NOW, THEREFORE, in consideration of and reliance upon the mutual covenants and agreements contained herein, and for other good and valuable consideration, the receipt and sufficiency of which is hereby acknowledged, the Investor and the Company agree as follows:
1. Board of Directors.
(a) Appointment of New Directors. As promptly as practicable following the execution of this Agreement, but in any event no later than August 22, 2022, the Board shall take all action necessary to (i) either (x) accept the resignation of two (2) directors (the “Resigning Directors”) from the Board, (y) expand the size of the Board by two (2) directors, or (z) accept the resignation of one (1) Resigning Director from the Board and expand the size of the Board by one (1) director, (ii) appoint Steven H. Rosen and Edward F. Crawford (together, the “New Directors”) to the Board, to serve until the next annual meeting of shareholders of the Company (the “2023 Annual Meeting”), (iii) appoint Steven H. Rosen to serve on the Audit Committee of the Board, subject to compliance with applicable law, rules, regulations and listing standards, (iii) appoint Edward F. Crawford to serve on the Nominating and Governance Committee of the Board (the “Nominating Committee”), and (iv) appoint one or both New Directors to such additional committees of the Board as those on which the Resigning Director(s) serve as members as of the date of this Agreement.
(b) New Directors. Subject to Section 1(j), the Board shall include all New Directors as nominees for the Board in the proxy statement for the Company’s 2023 Annual Meeting and shall recommend, support and solicit proxies for the election of each New Director at the 2023 Annual Meeting in the same manner as it recommends, supports and solicits proxies for the election of the Company’s other director nominees.
(c) Replacement New Director. Subject to Section 1(j) and to the following sentence of this Section 1(c), if any New Director is unable or unwilling to serve as a director, resigns as a director, is removed as a director or ceases to be a director for any other reason prior to the Expiration Date, Azurite shall be entitled to designate a replacement director (the “Replacement New Director”) that is reasonably acceptable to the Board.
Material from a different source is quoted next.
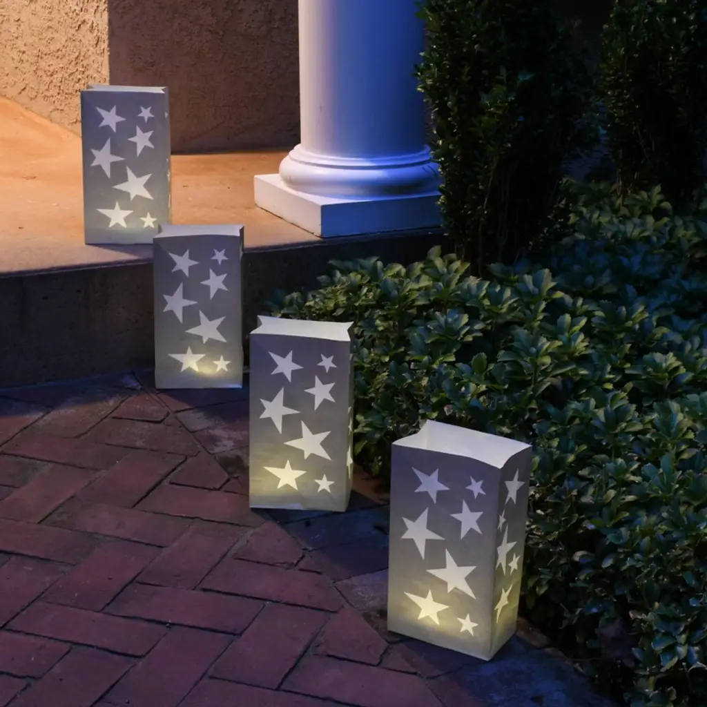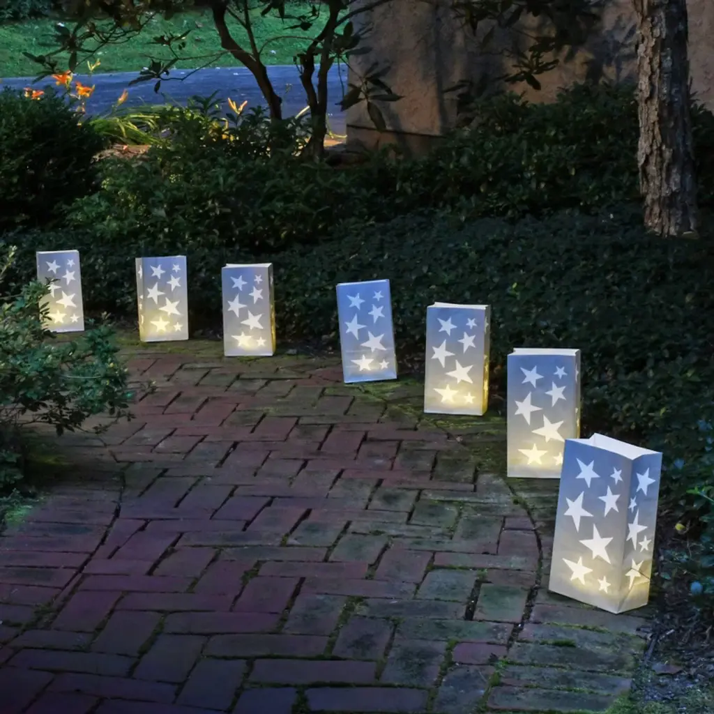 Welcome guests with decorative paper luminaria bags from LumaBase. They brighten up an entryway, driveway, sidewalk, staircase, or patio for a special occasion. Add a LumaBase water-filled candleholder or sand for weight and a battery operated candle. Paper luminarias add a decorative flair while lighting the way for guests. Whether you are lighting your walkway for the holidays or illuminating an entire community, luminary bags bring warmth and light to any occasion. Not weather-resistant or flame-resistant.

In the event that Azurite identifies a Replacement New Director, (i) the Nominating Committee shall make its determination and recommendation regarding whether the Replacement New Director meets the relevant criteria with twenty (20) business days after the Replacement New Director has submitted to the Company the documentation required by Section 1(e), and (ii) upon the recommendation of the Replacement New Director by the Nominating Committee, the





Board shall take (or shall have taken) such actions as are necessary to appoint the Replacement New Director to serve as a director of the Company for the remainder of such New Director’s term no later than twenty (20) business days after the Nominating Committee’s recommendation. Upon a Replacement New Director’s appointment to the Board, the Board and all applicable committees of the Board shall take all actions reasonably necessary to appoint such Replacement New Director to any applicable committee of the Board of which the replaced director was a member immediately prior to such director’s resignation or removal contingent on each Replacement New Director meeting the qualifications for such committee appointments. Effective upon the appointment of the Replacement New Director to the Board, such Replacement New Director will be considered a New Director for all purposes of this Agreement from and after such appointment.
(d) Strategy and Operational Improvement Committee. As promptly as reasonably practicable following the appointment of one or more New Directors pursuant to this Agreement, but in any event no later than August 23, 2022, the Board shall take all action reasonably necessary to form a committee of the Board to review, evaluate and make recommendations to the Board on potential operational improvements, corporate strategies and strategic alternatives (the “Strategy Committee”). The Board shall take all necessary steps to adopt a charter for the Strategy Committee (the “Strategy Committee Charter”) as promptly as practicable following its formation that provides, among other things, that the responsibilities of the Strategy Committee include: (i) conducting a comprehensive review and evaluation of the current corporate strategies of the Company; (ii) assisting and advising the Board on corporate strategies and strategic alternatives; and (iii) from time to time as it determines appropriate, making recommendations to the Board regarding actions to be considered in furtherance of the Strategy Committee’s purpose. The Strategy Committee will be provided with the resources that it believes are reasonably necessary for the Strategy Committee to discharge its purpose. The Company shall cause the Strategy Committee to be comprised of five (5) members from its formation until the Expiration Date. The Board shall cause the membership of the Strategy Committee to include each of the New Directors. The Board shall cause each of the New Directors (or any of their replacements contemplated by Section 1(c)) to remain a member of the Strategy Committee until at least the Expiration Date.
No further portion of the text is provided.